EXERCISE INSTRUCTIONS: An exact copy of all the data, minus the images, is required.

COLLECTED DATA:
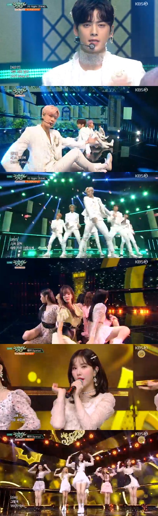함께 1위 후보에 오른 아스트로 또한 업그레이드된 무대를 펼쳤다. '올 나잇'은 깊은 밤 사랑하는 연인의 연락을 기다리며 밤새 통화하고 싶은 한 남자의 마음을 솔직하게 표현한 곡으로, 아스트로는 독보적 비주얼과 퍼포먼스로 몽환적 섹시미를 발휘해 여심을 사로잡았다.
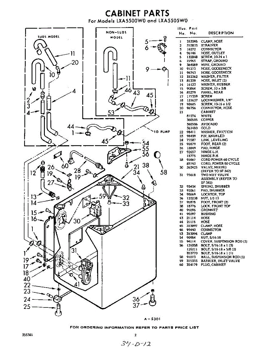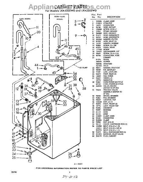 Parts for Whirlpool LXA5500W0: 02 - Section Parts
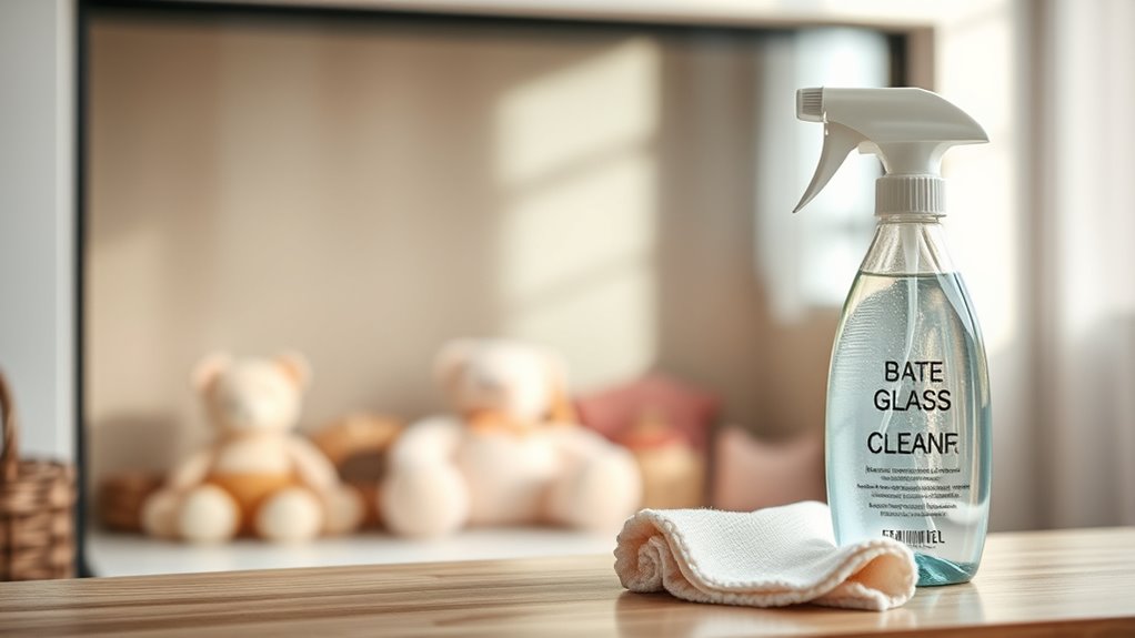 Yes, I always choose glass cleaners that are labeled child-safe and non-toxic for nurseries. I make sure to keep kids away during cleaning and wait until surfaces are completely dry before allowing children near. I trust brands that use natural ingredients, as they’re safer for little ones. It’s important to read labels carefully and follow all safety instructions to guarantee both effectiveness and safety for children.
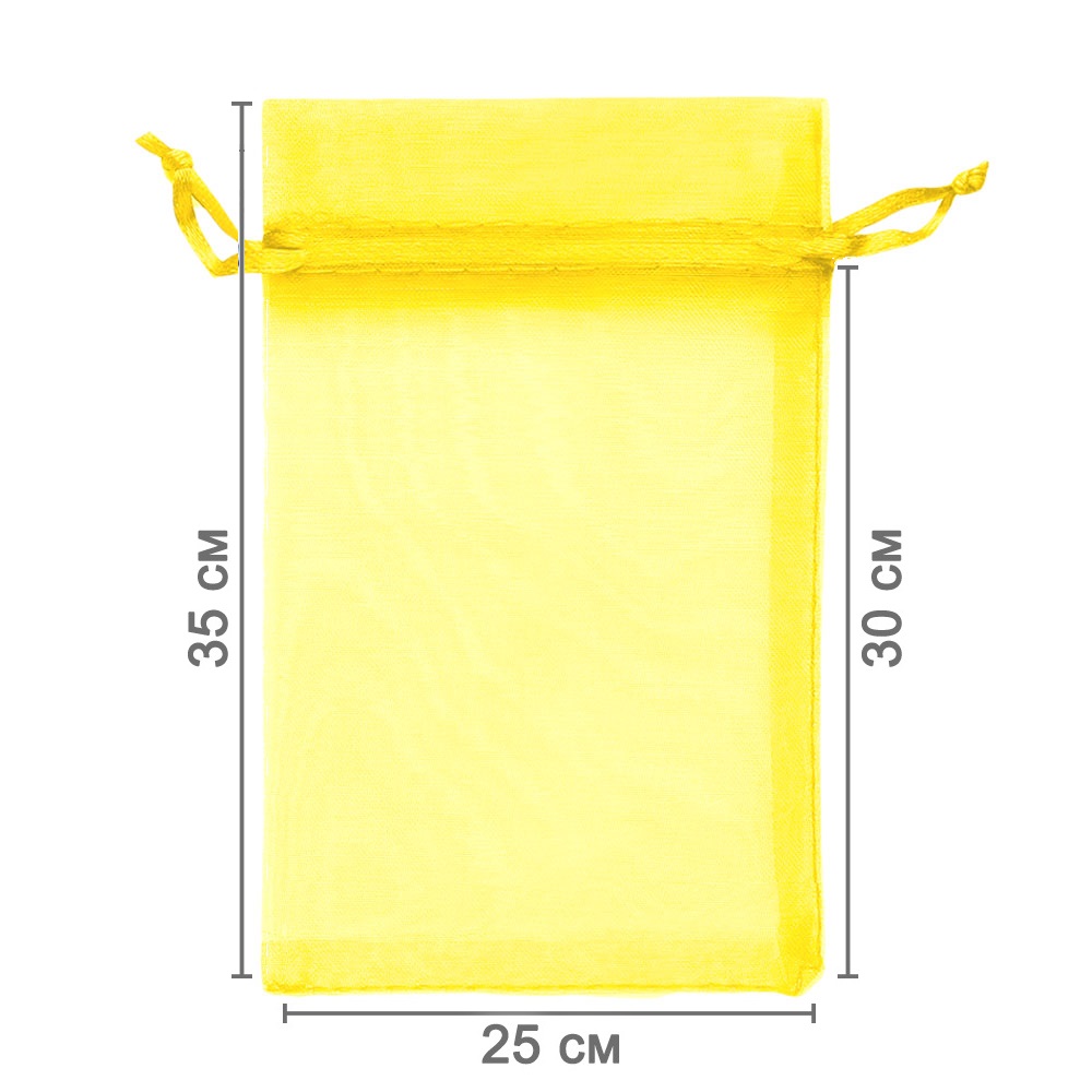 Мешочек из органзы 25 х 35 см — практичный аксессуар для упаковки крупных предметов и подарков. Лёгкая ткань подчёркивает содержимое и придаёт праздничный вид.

RESPONSE TO THE EXERCISE:
함께 1위 후보에 오른 아스트로 또한 업그레이드된 무대를 펼쳤다. '올 나잇'은 깊은 밤 사랑하는 연인의 연락을 기다리며 밤새 통화하고 싶은 한 남자의 마음을 솔직하게 표현한 곡으로, 아스트로는 독보적 비주얼과 퍼포먼스로 몽환적 섹시미를 발휘해 여심을 사로잡았다.
 Parts for Whirlpool LXA5500W0: 02 - Section Parts
 Yes, I always choose glass cleaners that are labeled child-safe and non-toxic for nurseries. I make sure to keep kids away during cleaning and wait until surfaces are completely dry before allowing children near. I trust brands that use natural ingredients, as they’re safer for little ones. It’s important to read labels carefully and follow all safety instructions to guarantee both effectiveness and safety for children.
 Мешочек из органзы 25 х 35 см — практичный аксессуар для упаковки крупных предметов и подарков. Лёгкая ткань подчёркивает содержимое и придаёт праздничный вид.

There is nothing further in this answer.